ChessinBlackandWhite

Hmm i was thinking using databases of all levels of players one could create a program that could give a statistical analysis of what rating range most likely would play each move in the game and then average the ratings given for each move. some moves would have more significance that others but it does not seem outside the capabilities of people today and computers. this is a disappointment :P

ChessinBlackandWhite

I like the negative metric idea. i don't need an answer like player a played at 1651. but a range like 1600-1700 or 1650-1700 would be helpful i think

Shivsky

@IronTiger:

Good points ... the algorithm could be tweaked to stop being "negative" about the human not playing the most efficient mate or cleaning up the board in the most efficient manner; if he is winning in a less than optimum (but safe by human standards) then he is still winning so no "points docked" there.  

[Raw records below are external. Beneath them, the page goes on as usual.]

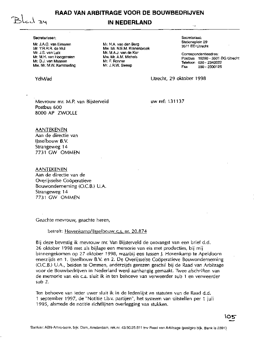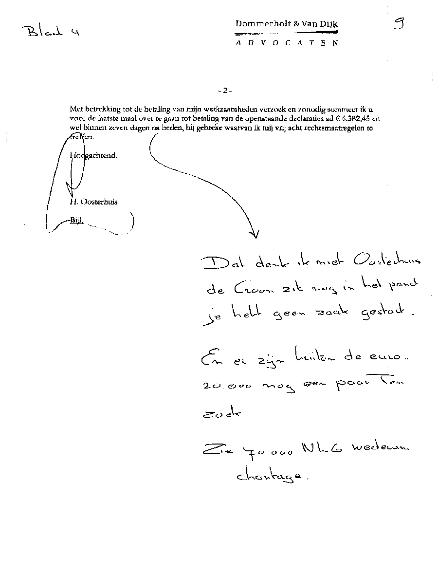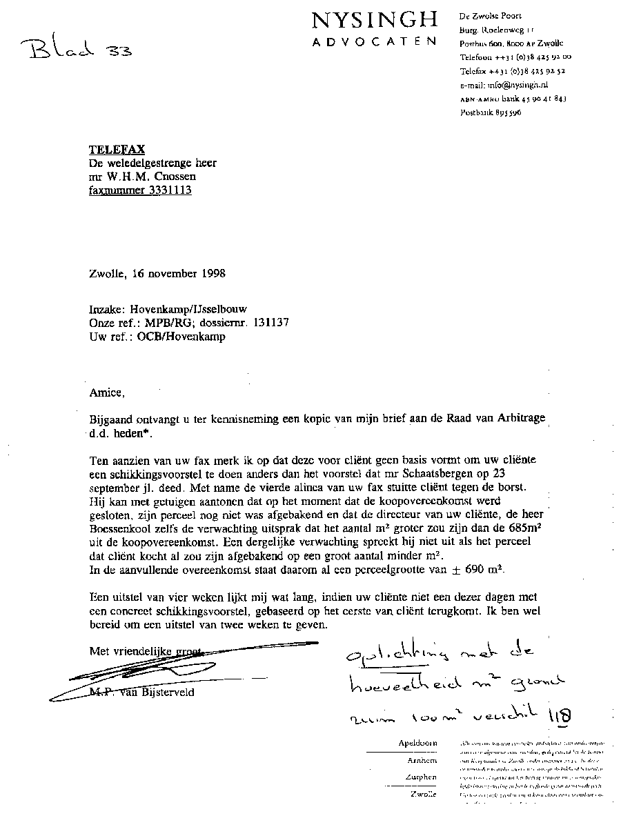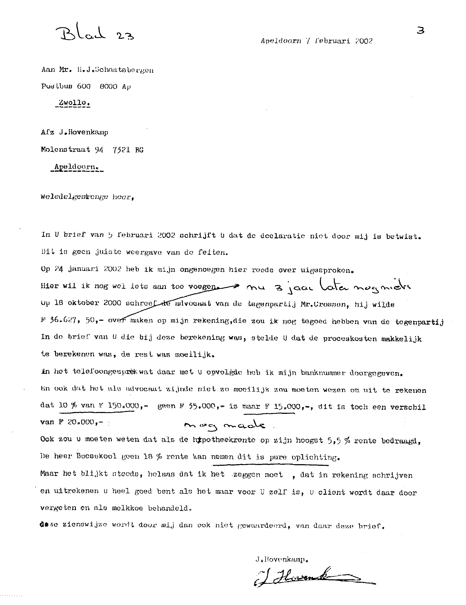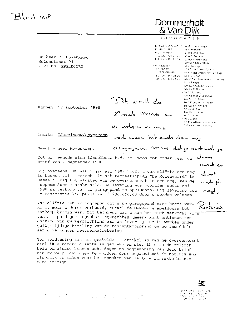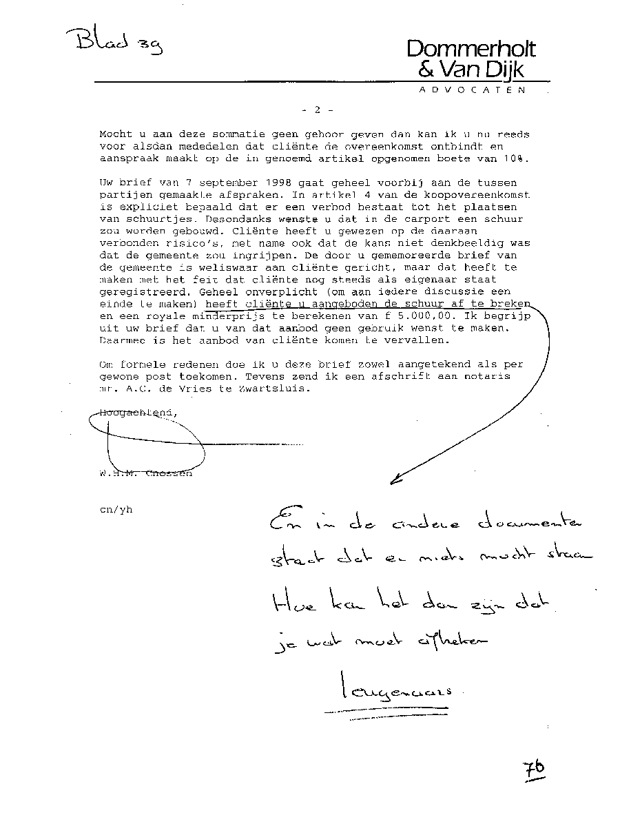 Document met procedure tegen mr. Maes van Dommerholt & van Dijk in Zwolle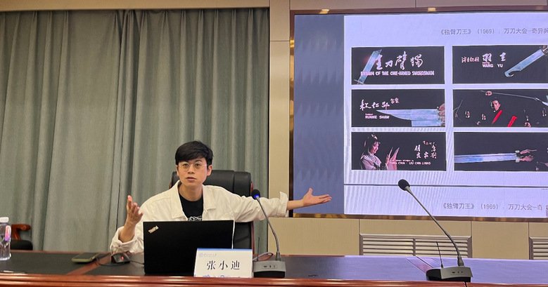 张小迪老师则以《刀枪的温度:武侠武器形象的“变”与“辩”》开启视觉美学分析。从达芬奇的机械手稿到《独臂刀》《东方不败》的银幕奇观,他揭示了冷热兵器作为道具的变化谱系和视觉设计的辩证逻辑。通过《黄飞鸿之狮王争霸》中“舞狮大会”的经典片段,他阐释了“武侠武器承载的民族寓言,以及对电子游戏等当代大众文化的影响。而通过对《英雄本色》的分析,可以揭示《黑客帝国》的‘子弹时间’,实际是当代好莱坞动作电影对香港武侠美学的技术盗猎。”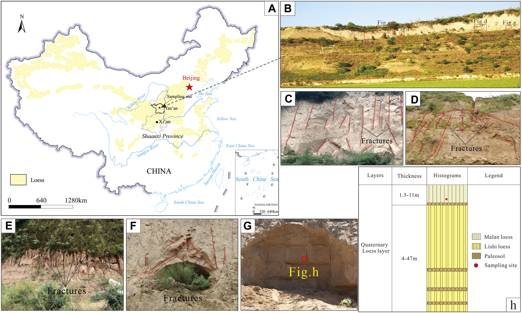 The Ansai District in Yan’an city, Shaanxi Province, China, is a typical loess gully landform with interlacing gullies, a long and narrow watercourse, and uneven terrain. Ninety-five percent of the area is mountainous, and only 24% of the area is arable. To solve the problems of serious soil wastage and the low economic value of development in this area, the Gully Stabilization and Land Reclamation project was carried out in Nangou in the Ansai District, with geographic coordinates of 36°34′39″N, 109°18′38″E (Figure 1A). The slope on both sides of the gully was excavated, and the excavated soil was filled in the gully to form a warping dam for later agricultural cultivation. However, a large number of issues, such as sheet erosion, rill erosion, local slip and slope foot collapse, occurred in the course of the Gully Stabilization and Land Reclamation project (Jiang, 2019). These issues are closely related to the rapid development of fractures (Skempton et al., 1969; Potts et al., 1990; George, 2014).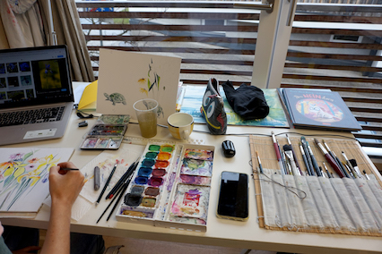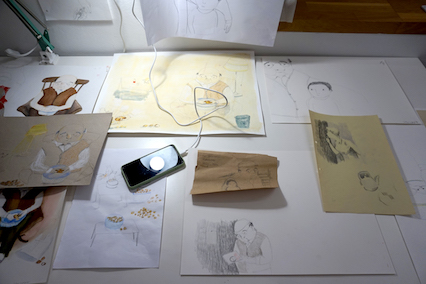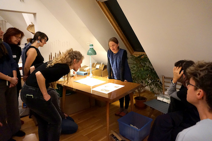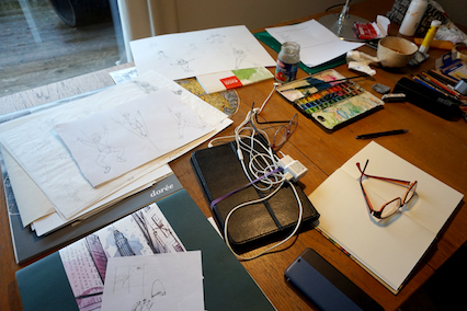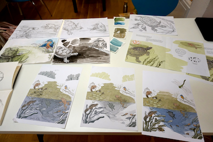 Draußen kalt, drinnen heimelig warm, die Tage begonnen mit kleinen Fingerübungen und dann mit der Arbeit am eigenen Projekt verbracht: einem Sachbuch über die europäische Sumpfschildkröte, einem weiteren über Forschungsprojekte in der Restaurierung und einigen Bilderbuchprojekten in unterschiedlichen Phasen der Ausarbeitung. Da gabs eins mit Schildkrötenhabitat, ein Spechtbuch, eins mit einer Schnecke, eins mit einem großen Wohnhaus und auch eins mit einem Opa. Und noch ein paar mehr ...

A classic example is a human (who is winning) playing the h2-h3/4 luft to avoid silliness on the backrank even though an engine would NEVER play that unless it was a factor in a forcing line :)

Though 100% agreement that a move that shows great planning and understanding but missing a 5-7 ply deep tactical shot (that Masters do miss) may cruelly penalize a strong player and make him "appear" like a weak one to the computer.    

So the premise is indeed murky ...

TBentley
Irontiger wrote:

Add to this my previous problem that a move that takes 10 more moves to mate is deemed a blunder by the computer, even if it is safer humanely speaking.

In the analysis in the Chessbase articles, they ignored moves where the player's move and the computer move were both more than +2 or less than -2.

theshrewdking

This is an interesting question but only theoretically. In reality measuring human's playing strength with a computer doesn't make much sense because humans make different kind of moves than machines. But computers can be used with good results to determine other computers' strength.

Shivsky

@Sydfhd: You are missing what this thread is really about.  ELO calculation based on win/loss performance and prior ratings is not what we're talking about here.

Shivsky

Putting it simply : He wants a tool to take in a PGN with game/s between  two people with no prior rating embedded inside the PGN and evaluate how strong those players are based on statistically analyzing the strength/weakness of all moves played.

ChessinBlackandWhite

yes, but not compared to an engine, but compared to what other humans have played. In each position, with say 100 recorded games, what moves did each rating range most often choose to get an idea of where people are playing in a given game

TBentley

If you're talking about looking at existing games, it applies only to the opening, and some opening databases can give you performance ratings. For example, in chesstempo's database for 2200+ vs 2200+ games, the performance rating for e4 is 2453 and the performance rating for d4 is 2473. This is probably explained by the fact that the average rating for the white player playing e4 is 2416, and 2434 for d4. Which isn't what your opening post asked for.

Shivsky
Sydfhd wrote:

shivisky, the softwares i listed do that exactly.

No, it doesn't ... and there's nothing similar, let alone call it "exactly" the same as this thread topic.

  There is no indication of engine analysis parameters or anything of the sort in the homepage for the software or the usage notes.

(http://remi.coulom.free.fr/Bayesian-Elo/#history)

Your tools only work if the PGNs contain ELO ratings of the players prior to the games.  We are talking about engine analysis making an assessment of player's strength or rating.

Please be clear on what you are posting.